Try it =
Below are entries. Give back exactly the lines from the one containing "ТАК вкусно! |" through the one containing "GOOUCHのデッドストック", inclusive, without the pictures.

Task material =
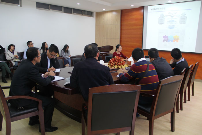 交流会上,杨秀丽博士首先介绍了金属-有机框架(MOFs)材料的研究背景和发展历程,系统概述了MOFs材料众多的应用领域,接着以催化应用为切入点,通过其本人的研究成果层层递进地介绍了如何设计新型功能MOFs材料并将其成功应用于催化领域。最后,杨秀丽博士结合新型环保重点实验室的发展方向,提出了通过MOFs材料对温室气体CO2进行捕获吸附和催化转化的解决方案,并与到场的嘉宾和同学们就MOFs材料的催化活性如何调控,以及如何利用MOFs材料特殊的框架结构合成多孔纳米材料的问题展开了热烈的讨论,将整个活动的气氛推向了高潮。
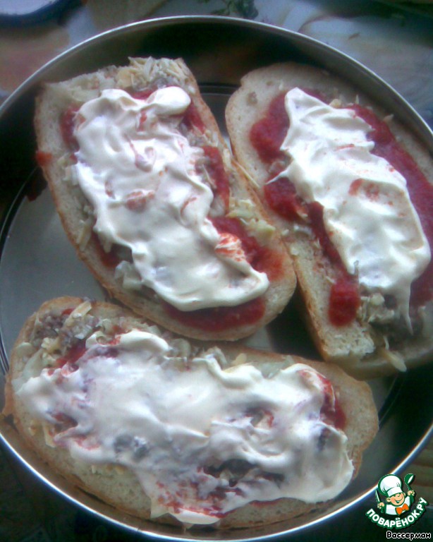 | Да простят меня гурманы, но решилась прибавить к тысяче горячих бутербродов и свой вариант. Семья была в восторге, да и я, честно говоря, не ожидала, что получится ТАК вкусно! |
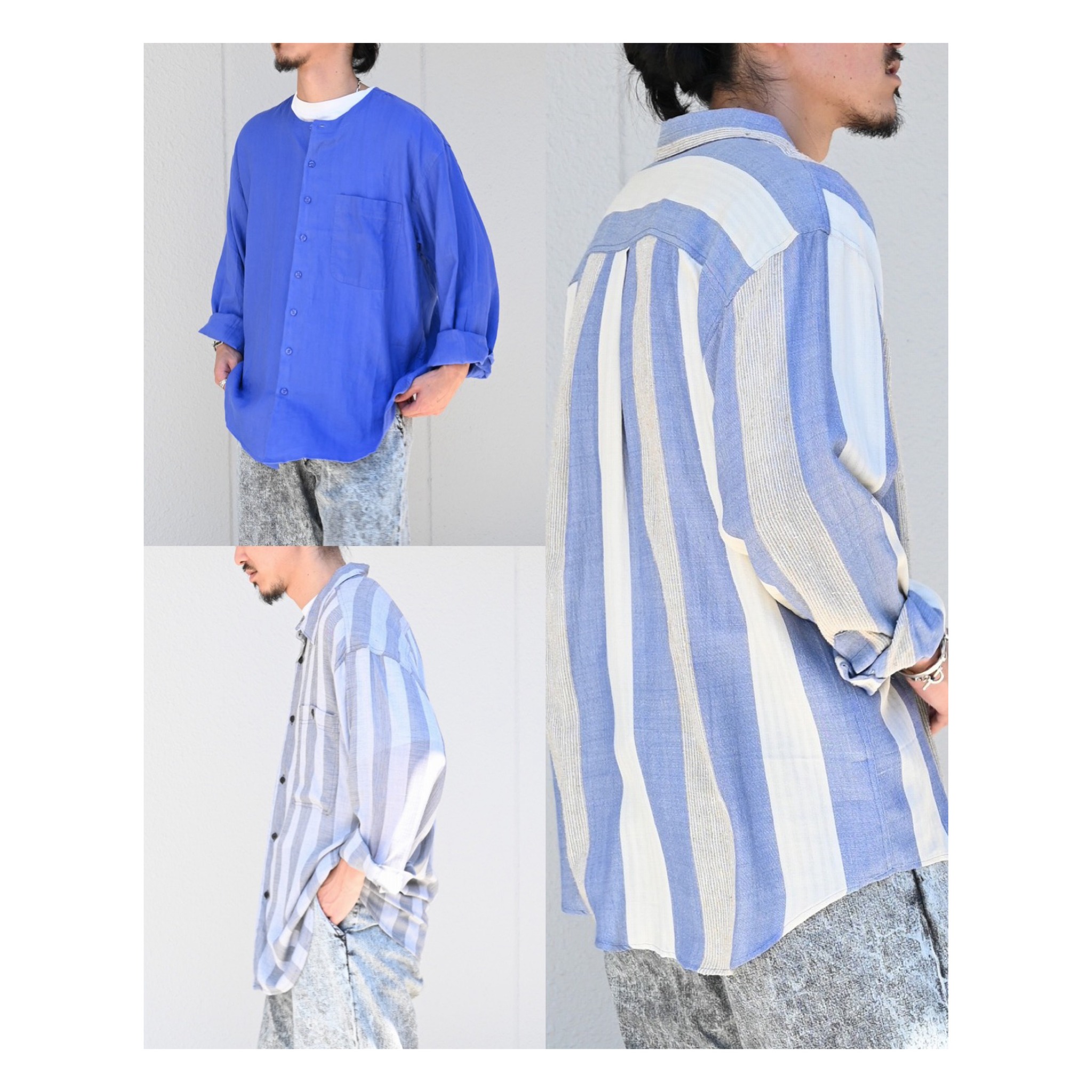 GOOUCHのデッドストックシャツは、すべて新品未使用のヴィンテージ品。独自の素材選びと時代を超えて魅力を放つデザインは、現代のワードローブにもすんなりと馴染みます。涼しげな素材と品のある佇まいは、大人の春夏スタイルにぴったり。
...
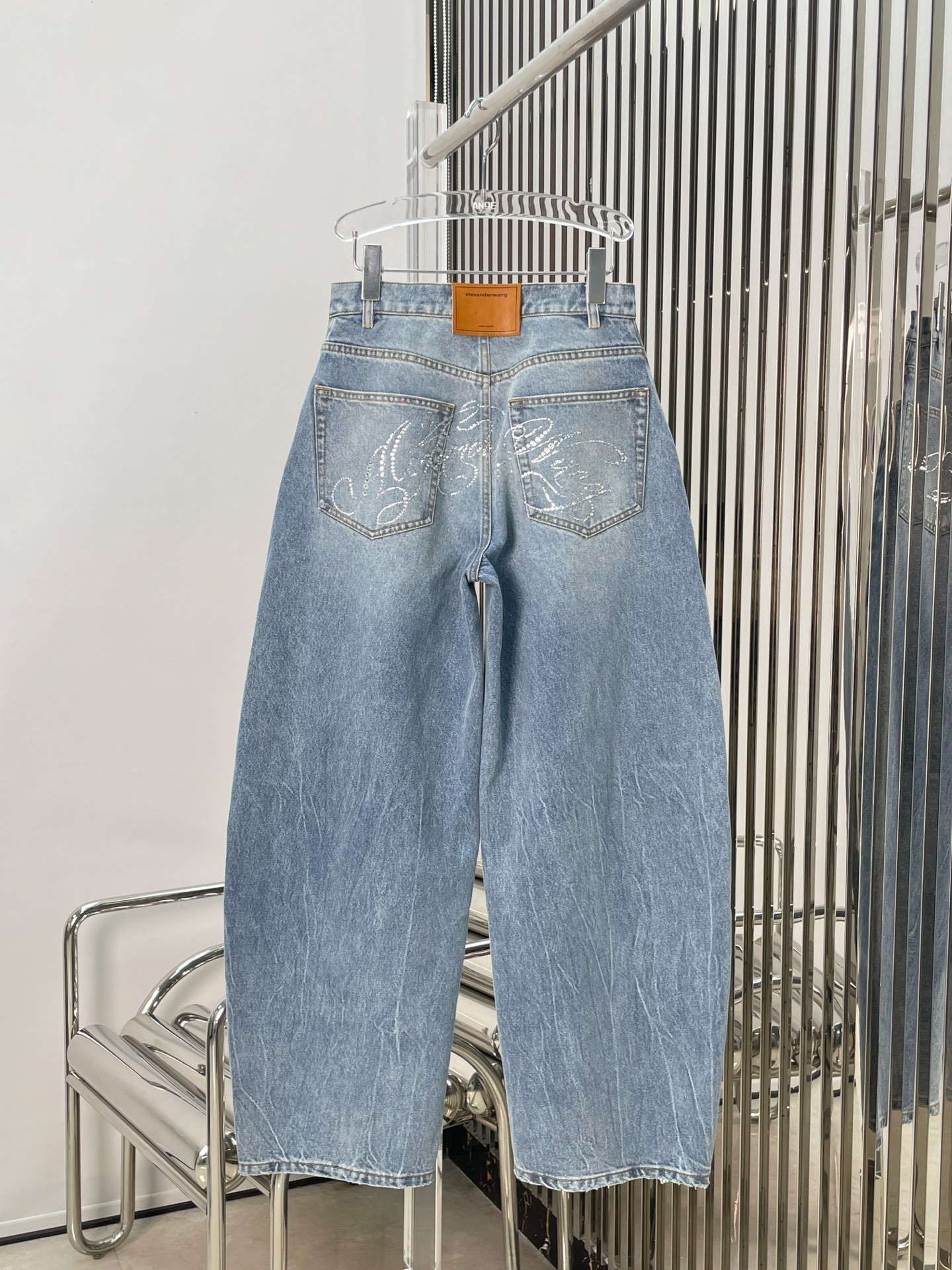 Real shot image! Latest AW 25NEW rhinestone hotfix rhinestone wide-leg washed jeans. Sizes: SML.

Your response =
 | Да простят меня гурманы, но решилась прибавить к тысяче горячих бутербродов и свой вариант. Семья была в восторге, да и я, честно говоря, не ожидала, что получится ТАК вкусно! |
 GOOUCHのデッドストックシャツは、すべて新品未使用のヴィンテージ品。独自の素材選びと時代を超えて魅力を放つデザインは、現代のワードローブにもすんなりと馴染みます。涼しげな素材と品のある佇まいは、大人の春夏スタイルにぴったり。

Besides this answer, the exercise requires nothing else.